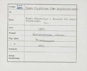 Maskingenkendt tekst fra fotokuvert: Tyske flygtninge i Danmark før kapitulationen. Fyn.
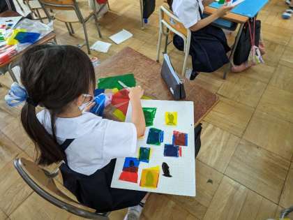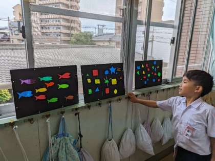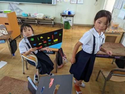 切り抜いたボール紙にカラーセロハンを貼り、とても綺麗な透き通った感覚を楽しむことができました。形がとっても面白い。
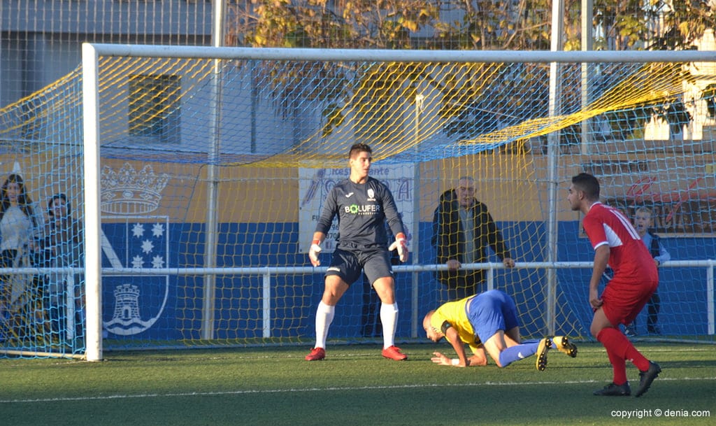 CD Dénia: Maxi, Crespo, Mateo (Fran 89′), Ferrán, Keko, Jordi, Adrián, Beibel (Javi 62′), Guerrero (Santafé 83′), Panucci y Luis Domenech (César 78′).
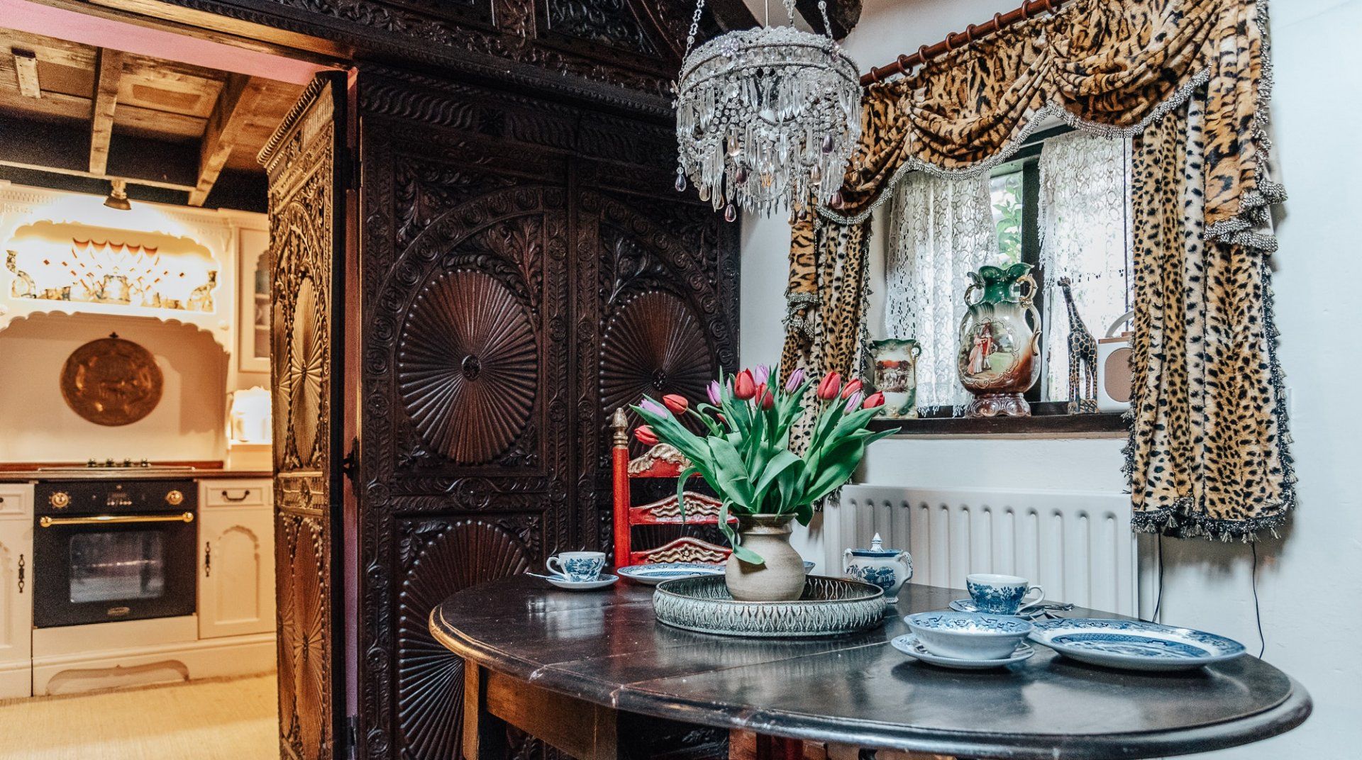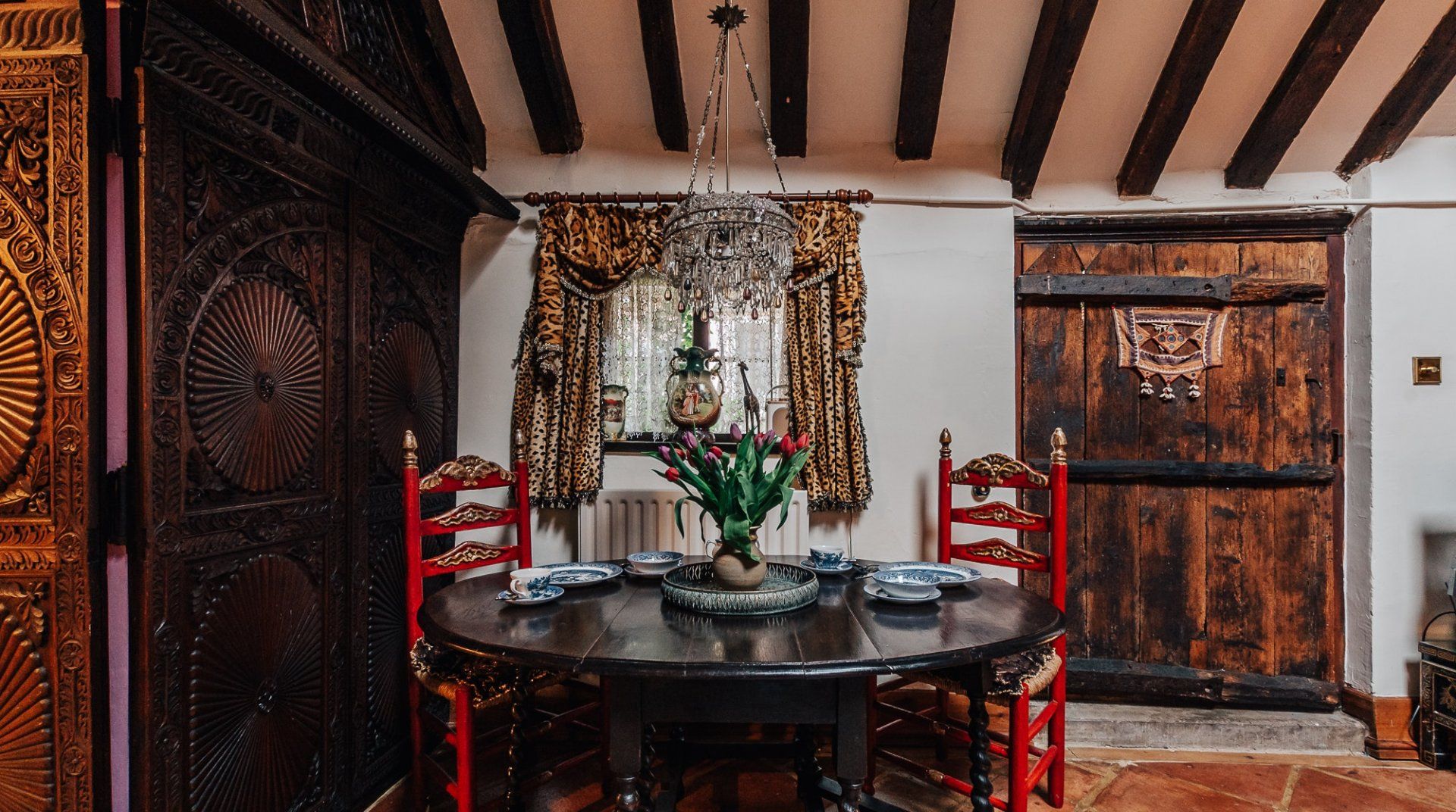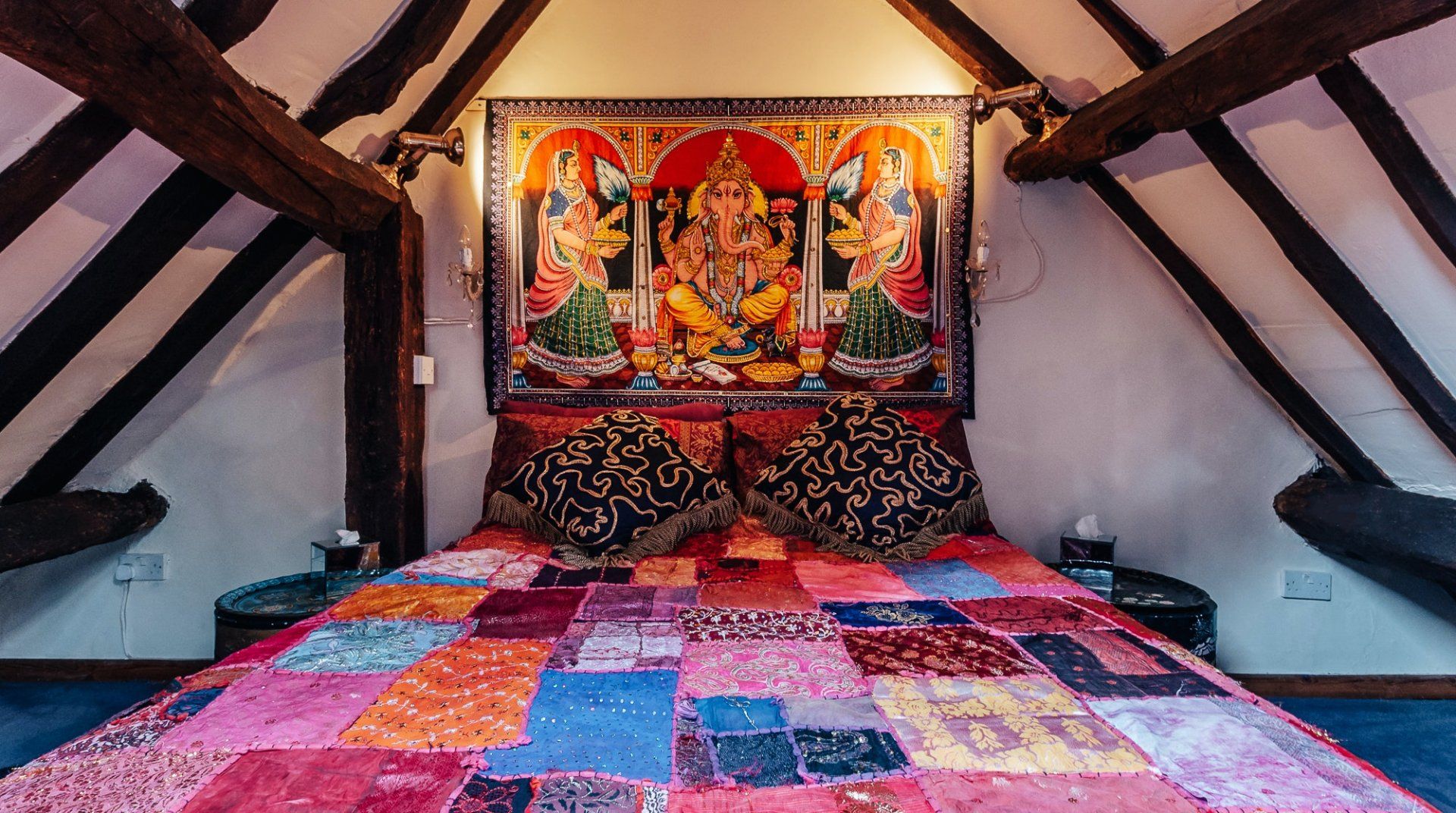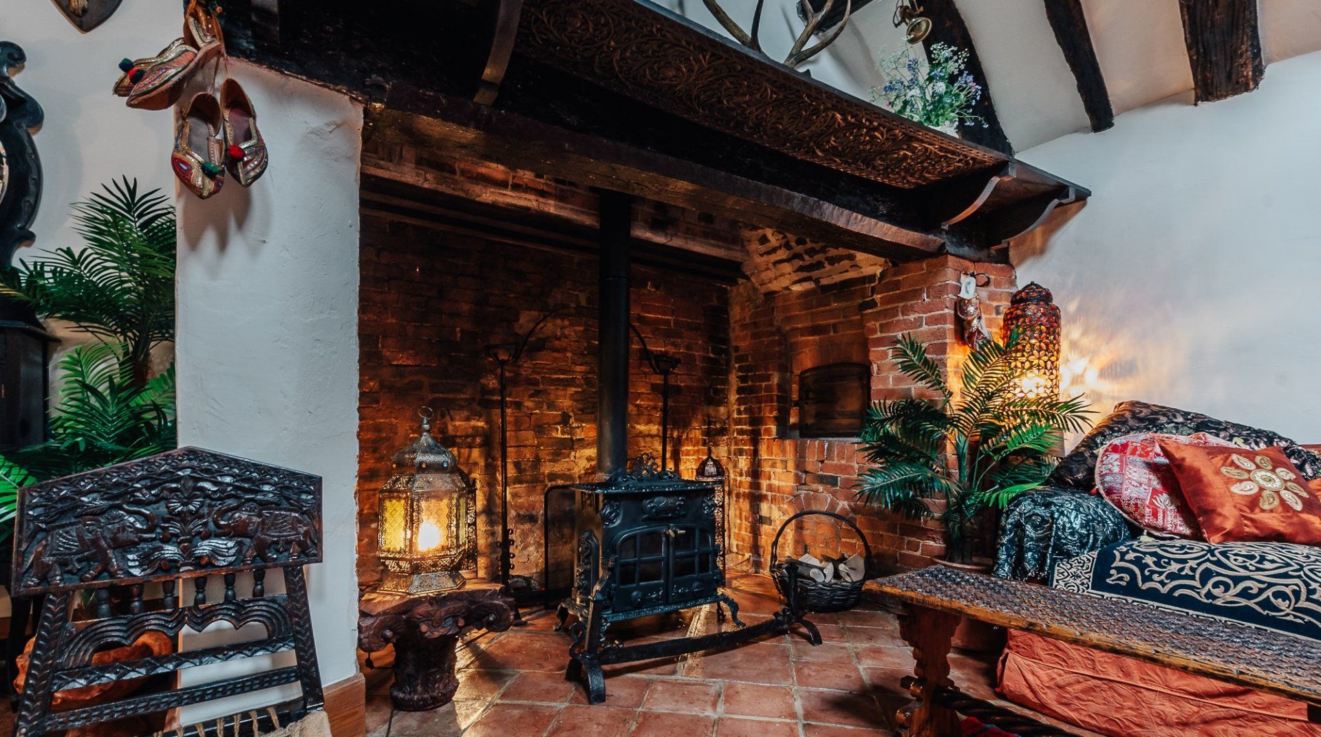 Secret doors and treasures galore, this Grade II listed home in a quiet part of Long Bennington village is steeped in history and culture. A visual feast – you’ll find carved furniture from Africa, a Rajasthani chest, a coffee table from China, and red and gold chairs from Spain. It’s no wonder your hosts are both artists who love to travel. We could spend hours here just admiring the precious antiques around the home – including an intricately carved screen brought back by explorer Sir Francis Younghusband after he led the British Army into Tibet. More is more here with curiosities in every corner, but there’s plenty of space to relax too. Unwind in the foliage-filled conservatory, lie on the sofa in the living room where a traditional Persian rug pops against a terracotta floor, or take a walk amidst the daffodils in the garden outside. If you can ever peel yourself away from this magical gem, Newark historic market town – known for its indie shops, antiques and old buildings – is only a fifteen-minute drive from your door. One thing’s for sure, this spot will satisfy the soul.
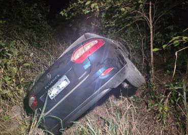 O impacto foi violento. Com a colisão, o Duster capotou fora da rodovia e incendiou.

▬▬▬▬▬▬▬▬▬▬

Work to be completed: Retype everything in the entries above exactly. The pictures are to be omitted.

Answer space:
 Maskingenkendt tekst fra fotokuvert: Tyske flygtninge i Danmark før kapitulationen. Fyn.
 切り抜いたボール紙にカラーセロハンを貼り、とても綺麗な透き通った感覚を楽しむことができました。形がとっても面白い。
 CD Dénia: Maxi, Crespo, Mateo (Fran 89′), Ferrán, Keko, Jordi, Adrián, Beibel (Javi 62′), Guerrero (Santafé 83′), Panucci y Luis Domenech (César 78′).
 Secret doors and treasures galore, this Grade II listed home in a quiet part of Long Bennington village is steeped in history and culture. A visual feast – you’ll find carved furniture from Africa, a Rajasthani chest, a coffee table from China, and red and gold chairs from Spain. It’s no wonder your hosts are both artists who love to travel. We could spend hours here just admiring the precious antiques around the home – including an intricately carved screen brought back by explorer Sir Francis Younghusband after he led the British Army into Tibet. More is more here with curiosities in every corner, but there’s plenty of space to relax too. Unwind in the foliage-filled conservatory, lie on the sofa in the living room where a traditional Persian rug pops against a terracotta floor, or take a walk amidst the daffodils in the garden outside. If you can ever peel yourself away from this magical gem, Newark historic market town – known for its indie shops, antiques and old buildings – is only a fifteen-minute drive from your door. One thing’s for sure, this spot will satisfy the soul.
 O impacto foi violento. Com a colisão, o Duster capotou fora da rodovia e incendiou.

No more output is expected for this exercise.